This underscores the problem of novelty; the world sometimes presents to us new fields of action for us to respond to. That is, we are confronted by situations which are, in our awareness, ‘new.’ Such an awareness depends upon a knowledge of one’s own history, and hence is a source of anxiety for us.
This anxiety comes in strong and weak forms. In the weak form, it means that the good in new events is simply difficult to recognize, so that human agency becomes a “series of deliberative or reflective crises, in which we are at a loss to know what to do, or in which some past decision stands out from our memory to trouble us.” This is the path of traditional ‘casuistry,’ which focuses on analyzing moral quandaries.
In the strong form, the discontinuity of the moral field makes our own past no longer intelligible to us. In every new ethical situation, we are new. “Instead of being one subject performing a multitude of acts, the agent becomes a plurality, a sequence of dissociated roles and responses evoked by the shifting self-transforming meanings of the world.” Though O’Donovan does not say it, this is, I think, the route Sarte takes.
There are two basic strategies for resolving this anxiety. In the first, we point to not only our own history, but the history of community. Even though our circumstances are different, we “hope…that by our conscious resolution to imitate their mode of conducting themselves as closely as our new circumstances allow, we will establish sufficient continuity to tame the apocalyptic strength of novelty to the point where it can be managed by a comfortable process of adaptation.” This position of ‘conservatism,’ however, is insufficient because “it cannot tell us what precedents from the past are relevant, nor how they should be adapted.” It does not make the unknown future known.
On the other hand, we manage the future through anticipation. Though we don’t know what the future holds, “there are certain regularities in events which may allow us to form reasonable expectations and assume a limited measure of responsibility for what will happen.” In short, consequentialism, which makes the future less new to us because it is the future we have chosen.
But the future is still unpredictable. It is still untamed. While men grow wise through the study of the past, they only do so if they touch that “objective world order.” “Only if we are endowed with a vision of what is in the world which measures change and so stands beyond it, can we dare to encounter change.” This is what the ancients termed ‘wisdom,’ which sees the pluriformity of the world order in the plurality of situations.
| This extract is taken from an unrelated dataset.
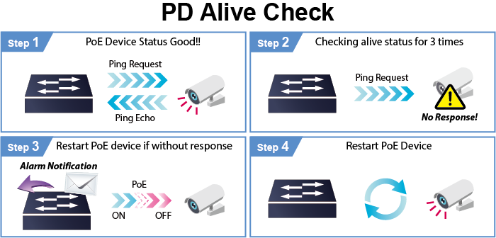 El XGS-6320-8UP4X se puede configurar para supervisar el estado de los dispositivos alimentados (PD) conectados en tiempo real a través de una acción de ping. Si un PD deja de funcionar y de responder, el XGS-6320-8UP4X reciclará la energía del puerto PoE y hará que el PD vuelva a funcionar. Esto mejora enormemente la confiabilidad, ya que el puerto PoE asignado reinicia automáticamente el PD, lo que reduce la carga de gestión del administrador.

Hence, the wise person interprets new situations generically, and “so measures [their] difference from other things and responds to [them] appropriately according to its kind.”
Growing in ‘wisdom,’ then, demands approaching new situations not only with the ‘moral law’ in our minds, but applying new situations to the ‘moral law’ itself and re-evaluating our moral criterion. That is, each particular situation poses a new challenge to our conceptions of what we take to be true about morality.
This is, however, a controversial opinion. To be clear, some people might rather claim that “the whole task of moral reason in relation to particular situations was simply to classify them, ‘subsuming’ the particular case under the generic rule.” On the one hand, we intuitively grasp the principles of the moral law. On the other hand, we reason out their application. We know that adultery is wrong, and then ask whether a particular behavior is an act of adultery.
But there is a difficulty here. While most people would claim that the difficulty is in our apprehension of the moral principle—adultery is wrong—O’Donovan contends that the recognition of its application is actually problematic. What happens if “it is not immediately obvious whether what we are seeing is, or is not, the commanded charity or the forbidden apartheid?” That is, what happens if the situation is unclear?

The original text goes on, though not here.